Metadata-Version: 2.4
Name: cliquepicking
Version: 0.2.5
Classifier: Programming Language :: Rust
Classifier: Programming Language :: Python :: Implementation :: CPython
Classifier: Programming Language :: Python :: Implementation :: PyPy
Summary: Counting and Sampling Markov Equivalent DAGs
Keywords: causality,causal discovery,markov equivalence
Author: Marcel Wienöbst
Requires-Python: >=3.8
Description-Content-Type: text/markdown; charset=UTF-8; variant=GFM

# cliquepicking

You can install the cliquepicking module with ```pip install cliquepicking```. 

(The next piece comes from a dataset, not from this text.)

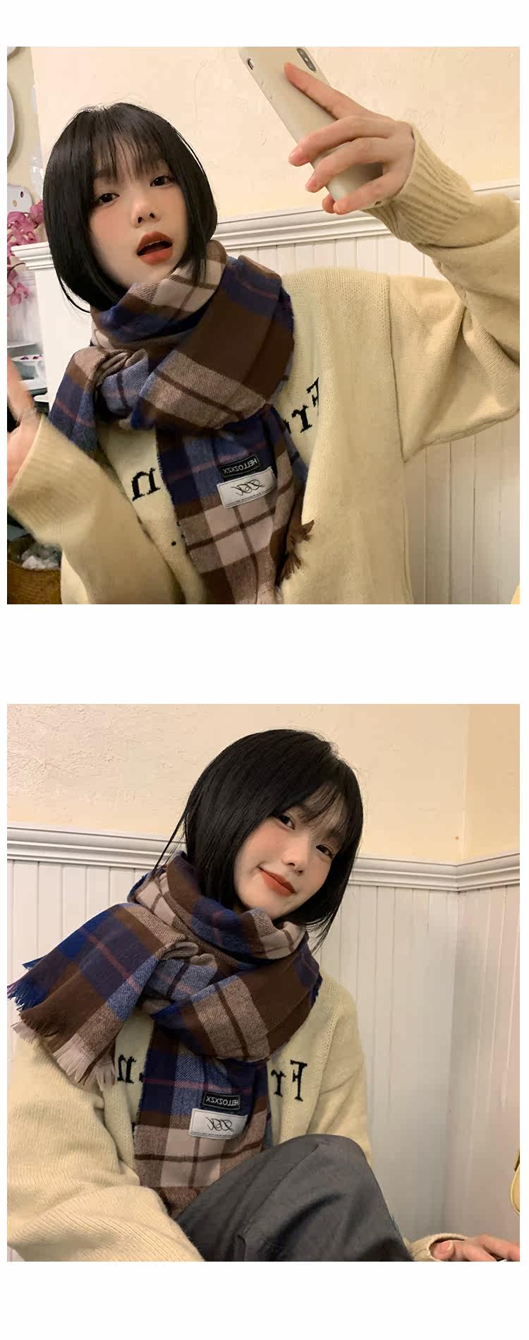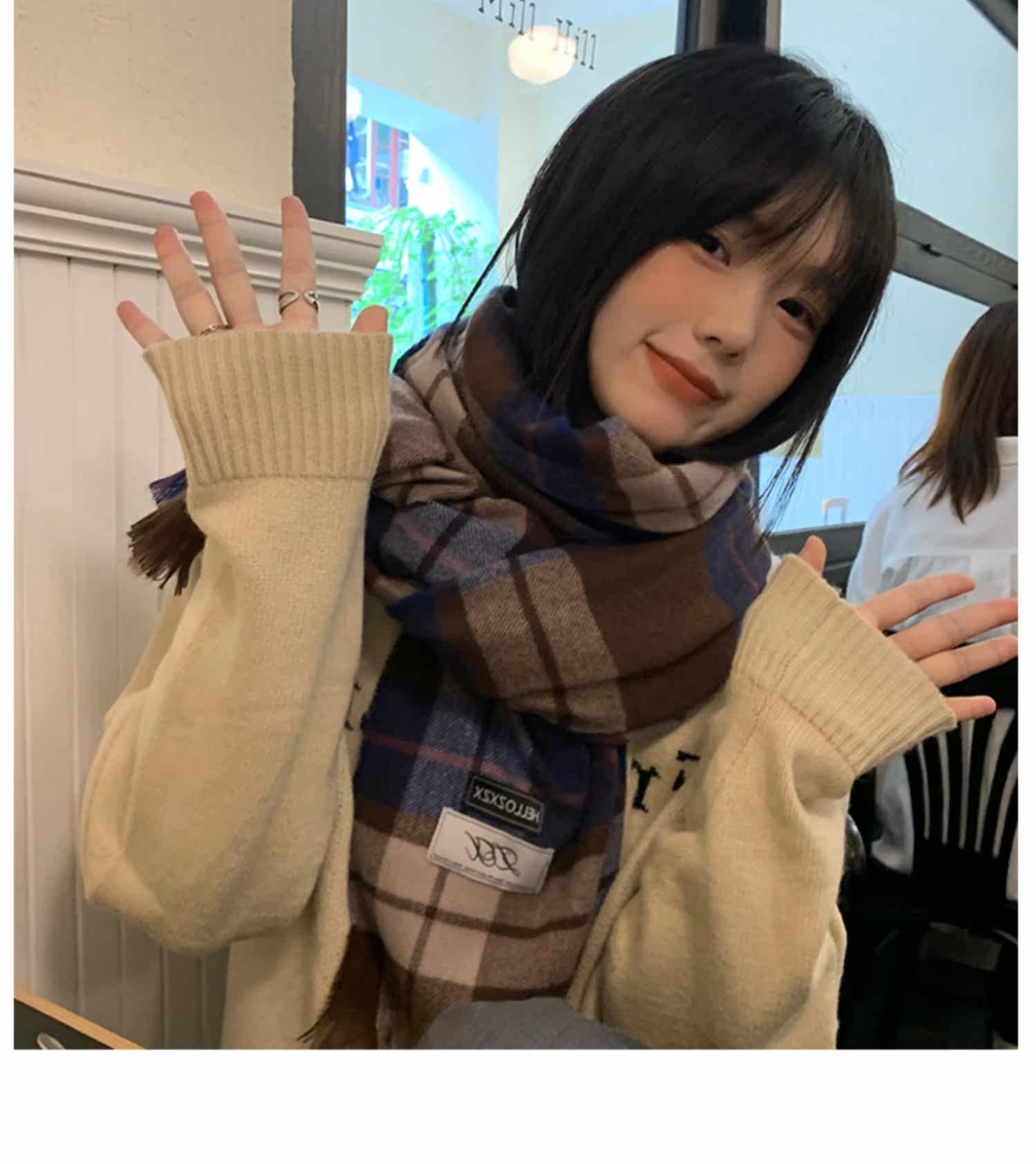 Ретро зимний японский шарф, удерживающая тепло универсальная накидка для школьников, изысканный стиль

The module provides the functions

- ```mec_size(G)```, which outputs the number of DAGs in the MEC represented by CPDAG G
- ```mec_sample_dags(G, k)```, which returns k uniformly sampled DAGs from the MEC represented by CPDAG G
- ```mec_sample_orders(G, k)``` which returns topological orders of k uniformly sampled DAGs from the MEC represented by CPDAG G
- ```mec_list_dags(G)```, which returns a list of all DAGs in the MEC represented by CPDAG G
- ```mec_list_orders(G)```, which returns topological orders of all DAGs in the MEC represented by CPDAG G

The DAGs are returned as edge lists and they can be read e.g. in networkx using ```nx.DiGraph(dag)``` (see the example at the bottom).

Be aware that ```mec_sample_dags(G, k)``` holds (and returns) k DAGs in memory. (For large graphs) to avoid high memory demand, generate DAGs in smaller batches or use ```mec_sample_orders(G, k)```, which only returns the easier-to-store topological order. 

The same holds for ```mec_list_dags(G)```, consider checking the size of the MEC using ```mec_size(G)``` before calling this method.

In all cases, G should be given as an edge list (vertices should be represented by zero-indexed integers), which includes ```(a, b)``` and ```(b, a)``` for undirected edges $a - b$ and only ```(a, b)``` for directed edges $a \rightarrow b$. E.g.

```python
import cliquepicking as cp

edges = [(0, 1), (1, 0), (1, 2), (2, 1), (0, 3), (2, 3)]
print(cp.mec_size(edges))
```

computes the MEC size for the graph with edges $0 - 1 - 2$ and $0 \rightarrow 3 \leftarrow 2$ and hence the code should print out ```3```.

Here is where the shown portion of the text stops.